Databricks SQL: Databricks Logo

Databricks is a Cloud-based Data platform powered by Apache Spark. It primarily focuses on Big Data Analytics and Collaboration. With Databricks’ Machine Learning Runtime, managed ML Flow, and Collaborative Notebooks, you can avail a complete Data Science Workspace for Business Analysts, Data Scientists, and Data Engineers to collaborate. Databricks houses the Dataframes and Spark SQL libraries that allow you to interact with Structured data.

Key Features of Databricks

Databricks has carved a name for itself as an industry-leading solution for Data Analysts and Data Scientists due to its ability to transform and handle large amounts of data. Here are a few key features of Databricks:

  • Delta Lake: Databricks houses an Open-source Transactional Storage Layer meant to be used for the whole Data Lifecycle.
  • Optimized Spark Engine: Databricks allows you to avail the most recent versions of Apache Spark. You can also effortlessly integrate various Open-source libraries with Databricks.
  • Machine Learning: Databricks offers you one-click access to preconfigure Machine Learning environments with the help of cutting-edge frameworks like Tensorflow, Scikit-Learn, and Pytorch.  
  • Collaborative Notebooks: Armed with the tools and the language of your choice, you can instantly analyze and access your data, collectively build models, discover and share new actionable insights.

What is SQL?

SQL is designed for managing the data in a Relational Database Management System (RDBMS) based on Tuple Relational Calculus and Relational Algebra.
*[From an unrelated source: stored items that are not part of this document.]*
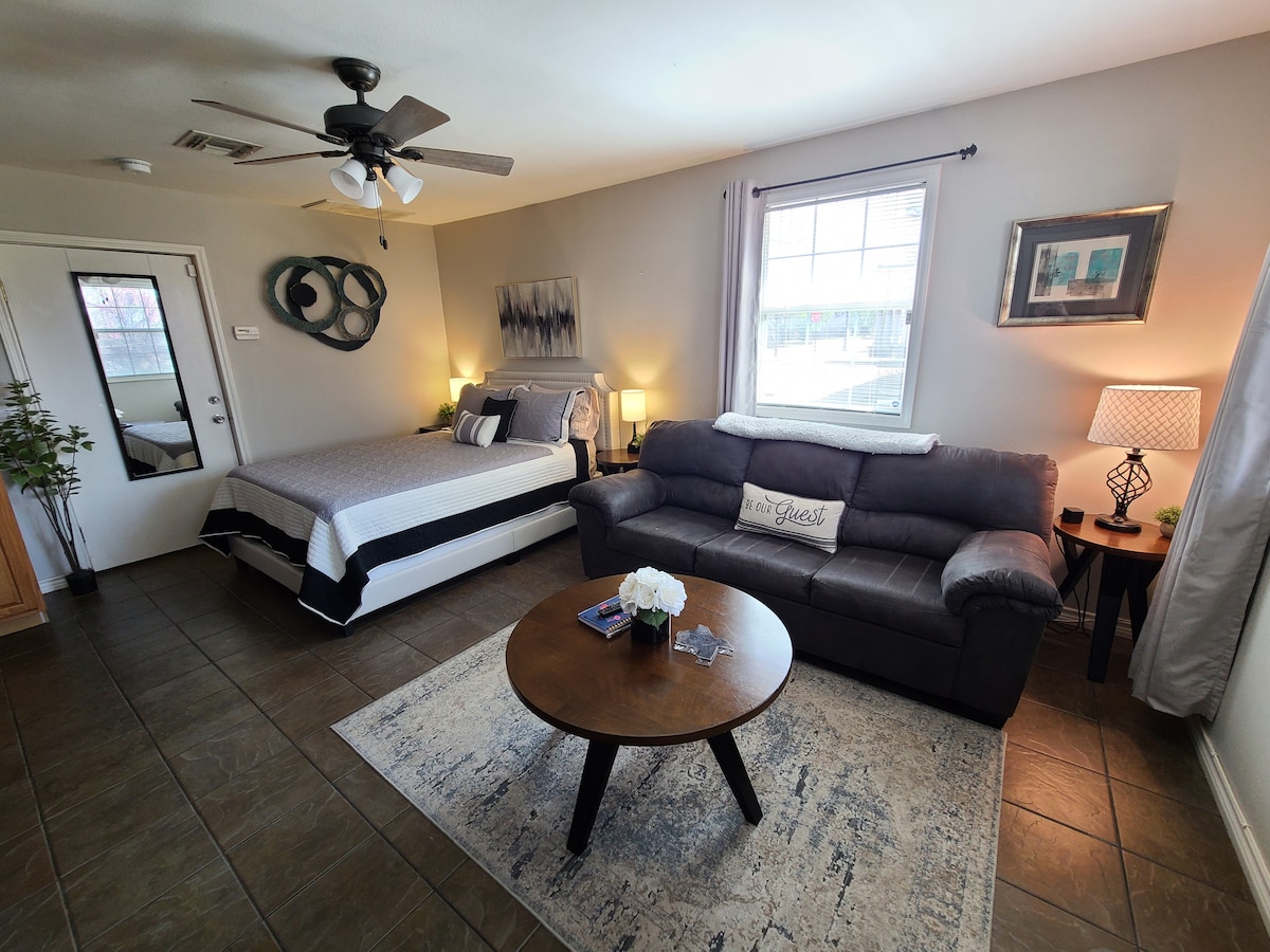 Kom tot rust in onze gezellige privéstudio achter onze hoofdwoning in een rustige historische buurt. De ruimte beschikt over een comfortabel queensize bed, een slaapbank die het meest geschikt is voor een kleine gast of een kind, een 46-inch tv met streaming-apps en een compacte kitchenette voor lichte maaltijden en koffie. Deze studio is het meest geschikt voor soloreizigers of koppels die op zoek zijn naar een rustige, comfortabele accommodatie dicht bij het centrum en lokale restaurants. Ontworpen voor rustige, respectvolle verblijven.
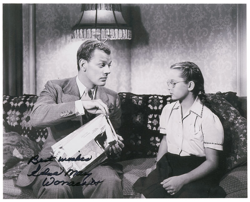 Two satin-finish photos, one 8 x 10 of the young actress conversing with director Alfred Hitchcock, and a 10 x 8 of Wonacott during a scene from Hitchcock’s Shadow of a Doubt, her first film, both signed in black felt tip, “Best Wishes, Edna May Wonacott.” In overall fine condition.
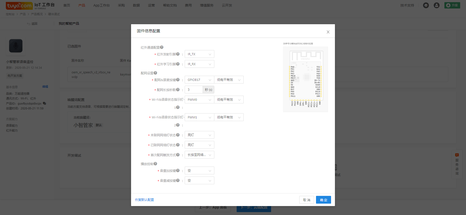 voice infrared scheme supports dual color indicator, dual color indicator is not only used for the distribution network prompt, but also for the voice control lamp
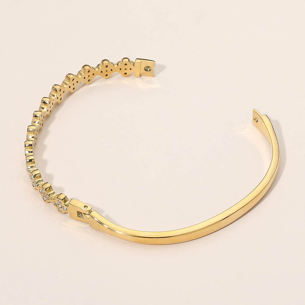 • Delicate hinged bracelet designed with repeating quatrefoil station accents and subtle cz details. This elegant bracelet offers a refined, feminine look that pairs effortlessly with casual outfits, office wear, or special occasions while providing comfortable, secure everyday styling.
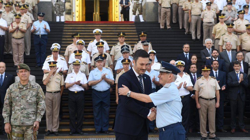 En su discurso del acto de traspaso de mando, el ministro de Defensa aseguró que las Fuerzas Armadas son instituciones de “la Constitución, de la democracia y fundamentalmente de la paz” y deben estar “al servicio de la reconstrucción de la Patria”.
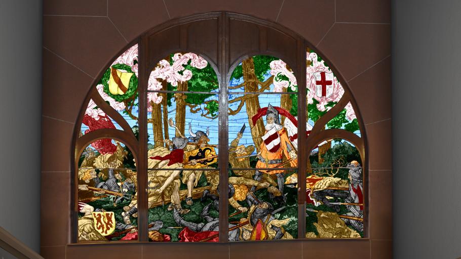 | Keywords: Treppenhaus des Friedrich-Gymnasiums Freiburg 2.png de Dreidimensionale Rekonstruktion und Rekolorierung des zerstörten Buntglasfensters Schlacht bei Sempach von Fritz Geiges im Treppenhaus des Friedrich-Gymnasiums Freiburg im Breisgau im Stadtteil Herdern 2013-02-20 own Leonard Wölfl 48 004364 7 859142 cc-by-sa-3 0 PD-old-70 Geiges-Fenster im Treppenhaus des Friedrich-Gymnasiums Herdern | ||||
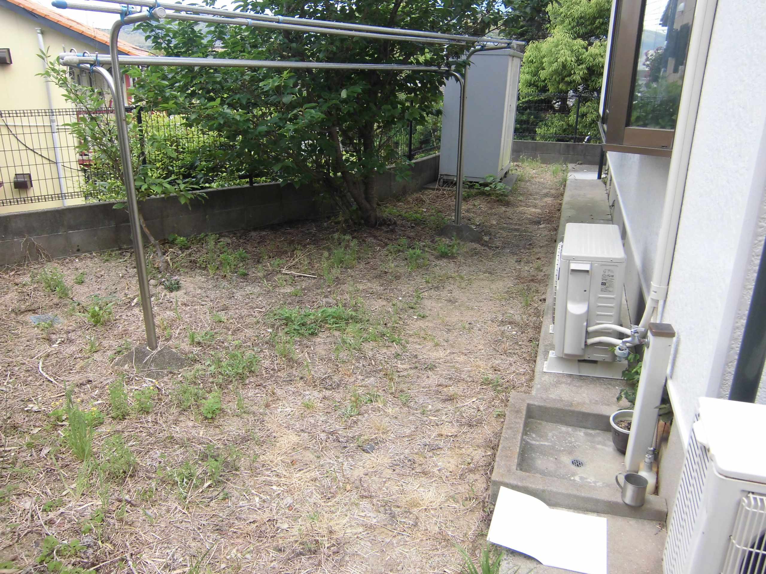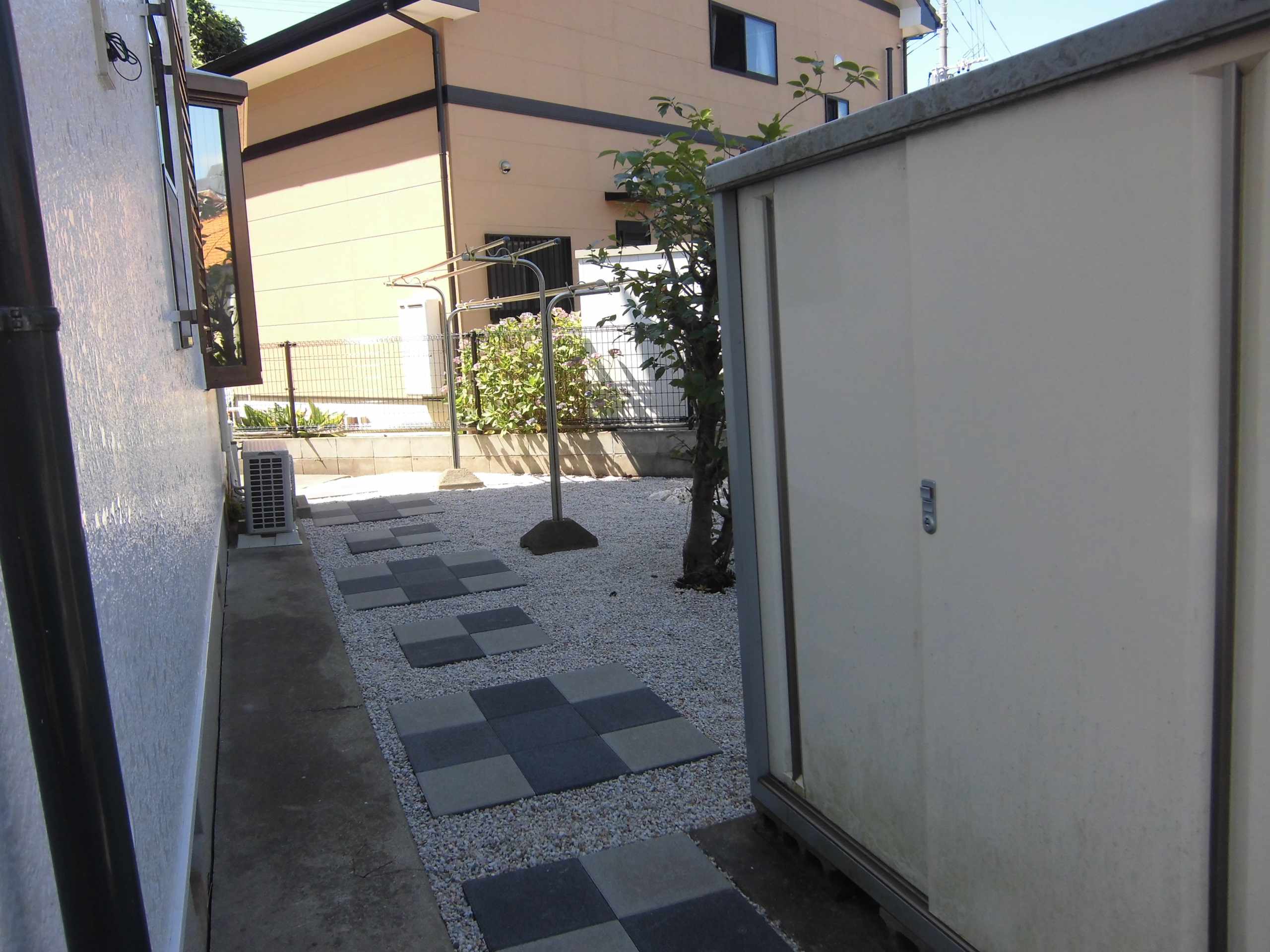 82佐世保市 雑草対策に、五島ろう石を敷き詰めました。アクセントに30㎝角のコンクリート製敷石を布設。

You need to install and set up a database first to perform SQL queries. 

SQL is divided into several language elements such as:

  • Predicates: The predicates specify the conditions that can be evaluated to SQL three-valued logic (3VL) or Boolean truth values.
  • Expressions: These can produce either table consisting of rows and columns of data or scalar values. 
  • Clauses: These are constituent components of statements and queries.
  • Queries: Queries can help you retrieve the data based on specific criteria, and is an important part of SQL.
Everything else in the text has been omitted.